Da Interação de Máscaras individuais e sociais
Por António Justo
No carnaval viva a carne, tudo vale! Carnaval é o tempo dos folguedos antes da Quaresma: os quarenta dias do jejum em que a carne já não vale tanto.
A tradição destas festas populares (bacanais) foi domesticada e assumida na cultura católica. Elas já se praticavam 3.000 anos antes de Cristo na Mesopotâmia. Era uma semana de festa em que se praticava a igualdade. Nessa semana de festa, a escrava era igual à senhora e o escravo igual ao senhor. A tradição do uso da burca tem origem nesse tempo em que as senhoras da classe elevada se tapavam para, nessa semana, não serem reconhecidas e não se sentirem tão envergonhadas.
O Carnaval é vida e a vida social parece configurar-se entre jardim infantil e carnaval. Carnaval e quarta-feira de cinzas são duas faces da vida: a vida feita de fogo, lenha e cinza. No Carnaval Deus sorri por trás das nuvens num gesto de aprovar o desejo de liberdade das massas populares e a ânsia justa de também elas serem publicamente consideradas.
O carnaval possibilita a expressão de vários papéis da mesma personalidade. A vida do dia-a-dia exige autocontrolo não permitindo vivenciar outros ânsias nostálgicas. Assim o carnaval possibilita a ritualização de necessidades escondidas legitimando-as num determinado tempo; assim contribui para a ordenação dos diferentes aspectos da vida.
A máscara permite maior liberdade e protecção da personalidade. A máscara dá espaço à criatividade individual e colectiva possibilitando expressões fora do normal e a possibilidade de a pessoa ter vivências diferentes. Deste modo possibilita-se, num tempo ordenado, a fuga às máscaras uniformizadas da sociedade, praticadas no quotidiano durante o resto do ano.
No carnaval o povo desce à rua e brinca a dizer que também ele quer ver contada a sua história e perpetuada a sua memória. Nele tudo é música, tudo se resume a um desejo de festa onde cada qual quer ser igual. No carnaval sobrepõe-se à mascara habitual uma máscara excepcional, talvez mais criativa porque personalizada, a partir da pele nua enfeitada de fantasias.
O desfilar do povo nas ruas poderá corresponder ao desfilar dos políticos nos écrans das TVs… Enquanto o povo dança no palco da rua por trás dos bastidores também os há que fazem falcatruas. Este é o tempo das máscaras e da folia dos de baixo enquanto as máscaras e a folia dos de cima é todos os dias.

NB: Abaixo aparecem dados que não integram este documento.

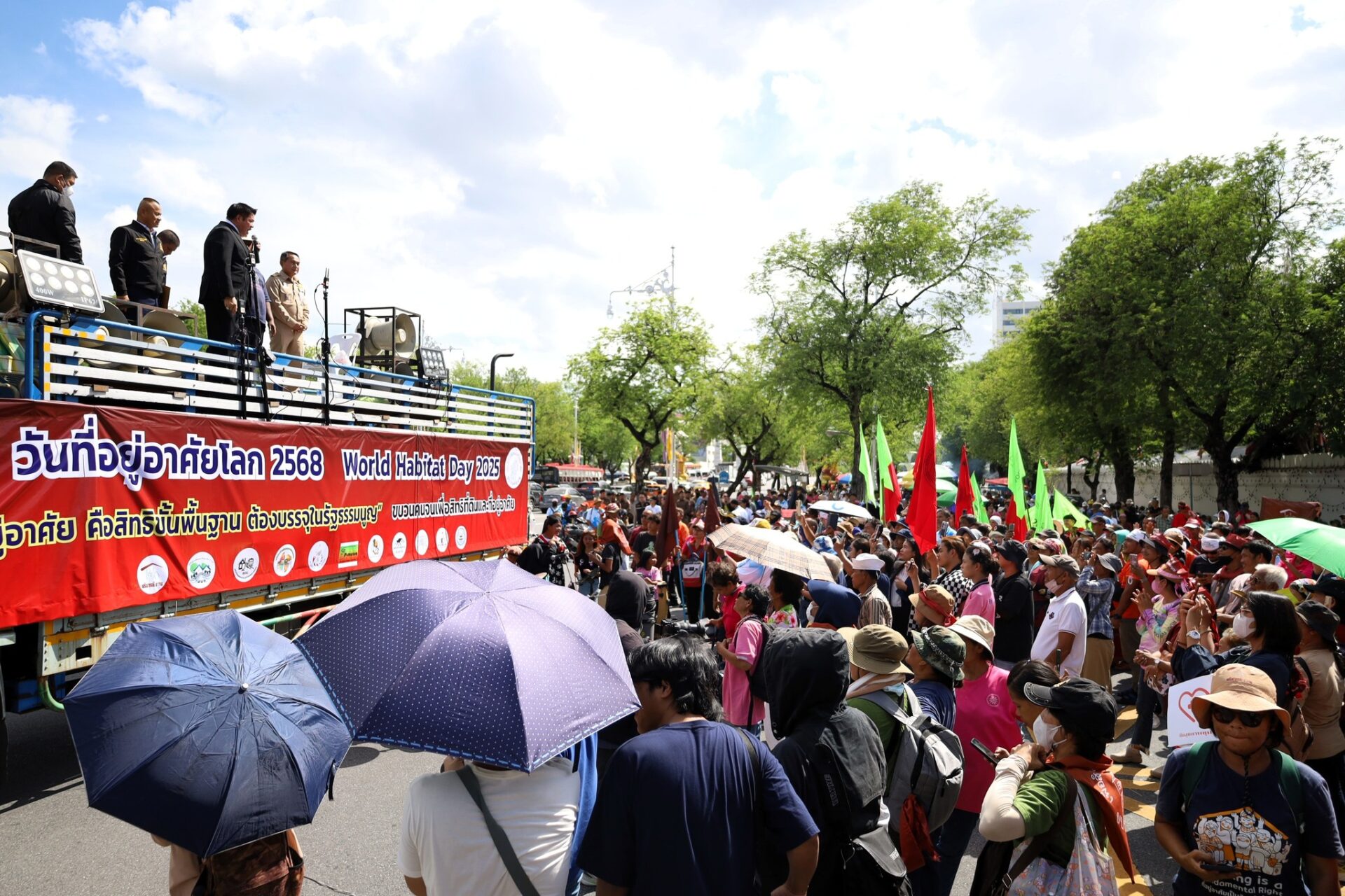 ตามที่องค์การสหประชาชาติ (UN) ได้ประกาศให้ “วันจันทร์แรกของเดือนตุลาคม ของทุกปี ให้เป็นวันที่อยู่อาศัยโลก (World Habitat Day)” เพื่อให้ประชาคมโลกตระหนักถึงความสำคัญต่อสิทธิที่อยู่อาศัย ซึ่งเป็นหนึ่งในปัจจัยสี่ของมนุษย์ที่ขาดมิได้ ในประเทศไทยเองยังมีคนจำนวนมาก ที่ยังไม่มีโอกาสที่จะเข้าถึงที่ อยู่อาศัยที่มั่นคง เนื่องจากปัจจัยสำคัญด้านที่ดินที่มีมูลค่าสูง และรัฐยังไม่มีแนวนโยบายในการจัดการที่ดินในเชิงสิทธิที่ทุกคนต้องเข้าถึงได้ และเนื่องในโอกาสที่วันที่อยู่อาศัยโลก ในปีนี้ตรงกับวันจันทร์ที่ 6 ตุลาคม พ.ศ. 2568 ขบวนคนจนเพื่อสิทธิที่ดินและที่อยู่อาศัย 11 องค์กร ได้แก่ เครือข่ายสลัม4ภาค , เครือข่ายชุมชนคนเมืองผู้ได้รับผลกระทบรถไฟ , เครือข่ายริมรางเมืองย่าโม , ขบวนการประชาชนเพื่อสังคมที่เป็นธรรม , เครือข่ายบ้านมั่นคงชุมชนริมรางรถไฟ , เครือข่ายที่อยู่อาศัยคลองเตย , เครือข่ายภาคประชาสังคม , เครือข่ายพัฒนาที่ดินและที่อยู่อาศัย 5 ภาค , เครือข่ายพัฒนาชุมชนและสิ่งแวดล้อมคูคลอง ขบวนสภาริมรางเมืองขอนแก่น,สมาพันธ์คนไร้บ้านไทย ประชาชนที่เดือดร้อนเรื่องที่ดินและที่อยู่อาศัยทั่วประเทศ กว่า 5,000 คน เริ่มต้นขบวนรณรงค์ ที่หน้าองค์การสหประชาชาติ เพื่อติดตามข้อเสนอ และข้อทักท้วงต่อรัฐบาลในการดำเนินนโยบายที่อยู่อาศัย ที่ได้ยื่นหนังสือต่อรัฐบาลไว้เมื่อวันที่ 23 กันยายน 2568 โดยขบวนคนจนเพื่อสิทธิที่ดินและที่อยู่อาศัย ต้องการให้รัฐบาลตระหนักถึงสถานการณ์ปัญหาที่อยู่อาศัย และไม่ดำเนินนโยบายที่เป็นการซ้ำเติมให้สถานการณ์การเข้าไม่ถึงที่อยู่อาศัย หนักยิ่งขึ้น โดยมีข้อทักท้วง และข้อเสนอแนะต่อรัฐบาลดังต่อไปนี้

No carnaval é festa, são permitidas diferentes coreografias, não há queixas, ninguém leva a mal; sob o seu sol é o tempo de pôr a opinião a corar.
Na poeira do dia-a-dia, Terça-feira de carnaval é o último dia da máscara posta e a Quarta-feira de cinzas convida a ver a nudez que se esconde dentro da pessoa (máscara habitual).
Carl Gustav Jung, psiquiatra e fundador da psicologia analítica dizia: “Quem olha para fora sonha, quem olha para dentro desperta.”
Para mim, Carnaval, embora o sinta de longe, expressa o desejo íntimo de celebrar a vida como festa, é símbolo de saudade de amor, um sonho de convívio, alegria e animação. Também o carnaval nos distingue do outro animal… Nele celebra-se o corpo e na quaresma acentua-se a alma.